Along the Labrador Shelf, a straight and sharp front appears close to the coast southeast of the mouth of Hudson Strait. This front is likely the transition between coastal waters and Labrador Shelf waters that flow on the shelf after their formation in eastern Hudson Strait. The latter is a nutrient-rich mixture formed from Hudson Bay freshwater outflow, Baffin Island Current, and West Greenland Current waters (Drinkwater & Harding, 2001; Dunbar, 1951; Sutcliffe et al., 1983). Despite its persistence, this front does not appear to be directly linked to high chl-a. The region of the northern Labrador shelf is, however, reputed to sustain high primary production throughout the summer (Drinkwater & Harding, 2001), and a bird colony can be found at Seven Island Bay, close to that area.

Further south, the most frequent frontal activity on the inner shelf occurs near the mouth of Byron, Groswater, and Sandwich bays (Fig. 4). The presence of these fronts might be related to the inshore branch of the Labrador Current that flows shoreward of Hamilton and Nain banks and recirculates around them (Chapman & Beardsley, 1989; Colbourne, DeYoung, Narayanan, & Helbig, 1997; Wu, Tang, & Hannah, 2012). This likely causes a transition in temperature properties between the current and the coastal waters coming from the many fjords and bays in this area. Many important bird areas are located in this vicinity.

Fig. 4 Mean frontal frequency (1986–2010) for the southern Labrador Shelf. The 50, 200, and 1000 m isobaths are shown. Locations of Nain (NB) and Hamilton (HB) banks and Byron (BB), Groswater (GB) and Sandwich (SB) bays are shown.
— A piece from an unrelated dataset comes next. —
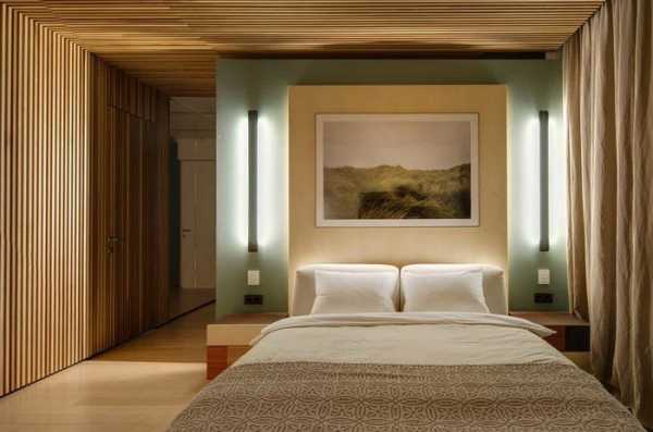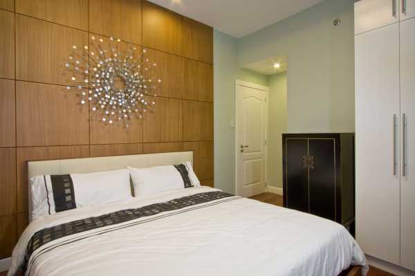 Сделать спальню более уютной поможет фальш-стена. Она закроет все, что не вписывается в понятие удобства и комфорта.

At the shelf break, a persistent front is present offshore of the 1000 m isobath (Figs 2 and 4). This front was briefly identified by Belkin et al. (2009) using 9 km pixel resolution and is associated with the main branch of the Labrador Current. The high frequency of this front is a signature of the stability of the Labrador Current. The separation between this front and the inner branch of the Labrador Current described above consists of more complex flow patterns over the several banks in this area (Drinkwater & Harding, 2001; Fissel & Lemon, 1991).

b Newfoundland Shelf

Offshore circulation on the northern Newfoundland Shelf is a continuation of that on the Labrador Shelf resulting in a large occurrence of fronts along the 200 m isobath. Inshore, high frontal probability is found on the north shore of Newfoundland (Fig. 5), off the Northern Peninsula near the Strait of Belle Isle. This front likely marks the limit between inner Labrador Current (LC) inflow into the Strait of Belle Isle and the outflow from the Gulf of St. Lawrence. Other locations with high frontal probabilities are located off different bays (Notre Dame, Bonavista, Trinity, and Conception). Those are probably the result of onshore excursions of the inner branch of the cold LC flowing close to shore, contrasting with warmer coastal waters in these bays during ice-free months. This area is characterized by relatively high chl-a concentration near the shore (Fig. 6) and the presence of large colonies of eiders, common mures, storm petrels, and spawning sites of capelin (Davoren, 2007).

Fig. 5 Mean frontal frequency (1986–2010) for the Newfoundland Shelf. The 100 and 1000 m isobaths are shown. Locations of the Strait of Belle Isle, the Northern and Avalon peninsulas, the Gulf of St. Lawrence, Laurentian, Avalon, and Halibut channels, St. Pierre Bank, Grand and Green (GB) banks, Saint-Pierre et Miquelon islands (SPM) along with Notre Dame (NDB), Bonavista (BB), Trinity (TB), and Conception (CB) bays are shown.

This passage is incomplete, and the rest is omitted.